→ WORK TASK
Using the data below, output a verbatim copy of the lines between the one holding "To validate the" and the one holding "The cabinet features", inclusive, without any pictures.

→ RECORDS SUPPLIED

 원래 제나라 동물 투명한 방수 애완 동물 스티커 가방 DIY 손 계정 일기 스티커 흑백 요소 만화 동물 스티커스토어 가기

...

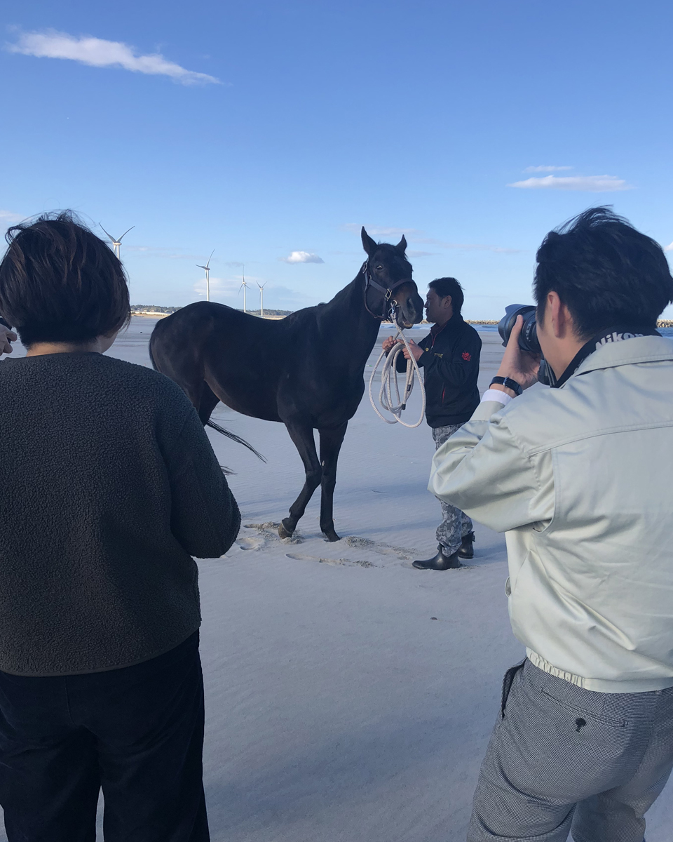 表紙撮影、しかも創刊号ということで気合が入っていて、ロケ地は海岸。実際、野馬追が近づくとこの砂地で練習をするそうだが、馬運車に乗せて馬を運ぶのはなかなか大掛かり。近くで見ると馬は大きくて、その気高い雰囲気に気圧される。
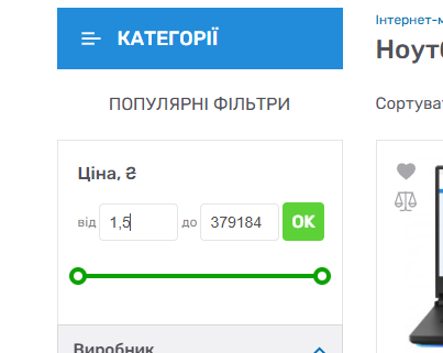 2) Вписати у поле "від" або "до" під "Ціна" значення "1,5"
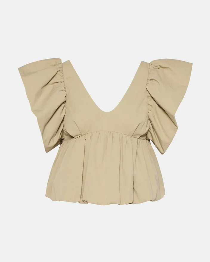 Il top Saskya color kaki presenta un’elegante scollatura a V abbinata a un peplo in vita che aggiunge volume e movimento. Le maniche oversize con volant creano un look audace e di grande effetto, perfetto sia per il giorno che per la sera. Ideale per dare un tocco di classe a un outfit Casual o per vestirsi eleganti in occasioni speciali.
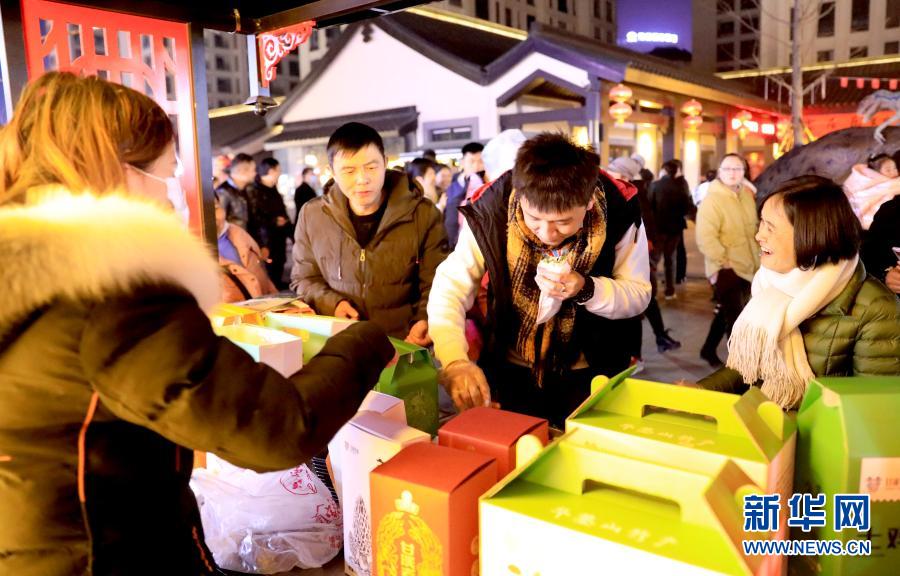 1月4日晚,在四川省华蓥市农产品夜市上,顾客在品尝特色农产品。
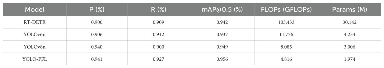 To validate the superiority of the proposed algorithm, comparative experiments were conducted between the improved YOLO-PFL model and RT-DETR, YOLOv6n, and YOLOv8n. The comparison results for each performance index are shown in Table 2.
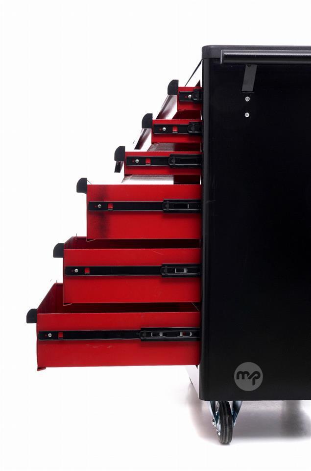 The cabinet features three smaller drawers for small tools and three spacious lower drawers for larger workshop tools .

==

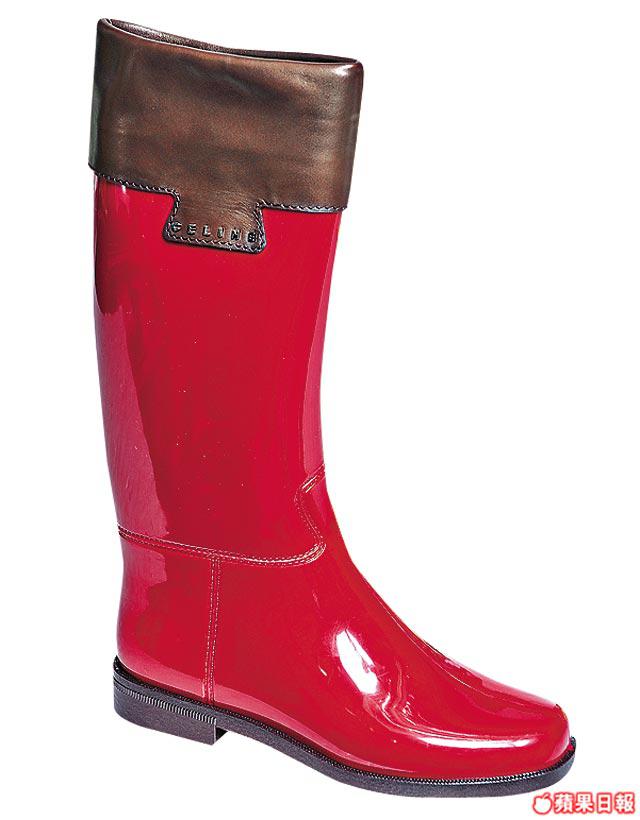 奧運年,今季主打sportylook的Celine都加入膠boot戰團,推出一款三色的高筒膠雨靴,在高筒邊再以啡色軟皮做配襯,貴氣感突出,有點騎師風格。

→ EXERCISE ANSWER
 To validate the superiority of the proposed algorithm, comparative experiments were conducted between the improved YOLO-PFL model and RT-DETR, YOLOv6n, and YOLOv8n. The comparison results for each performance index are shown in Table 2.
 The cabinet features three smaller drawers for small tools and three spacious lower drawers for larger workshop tools .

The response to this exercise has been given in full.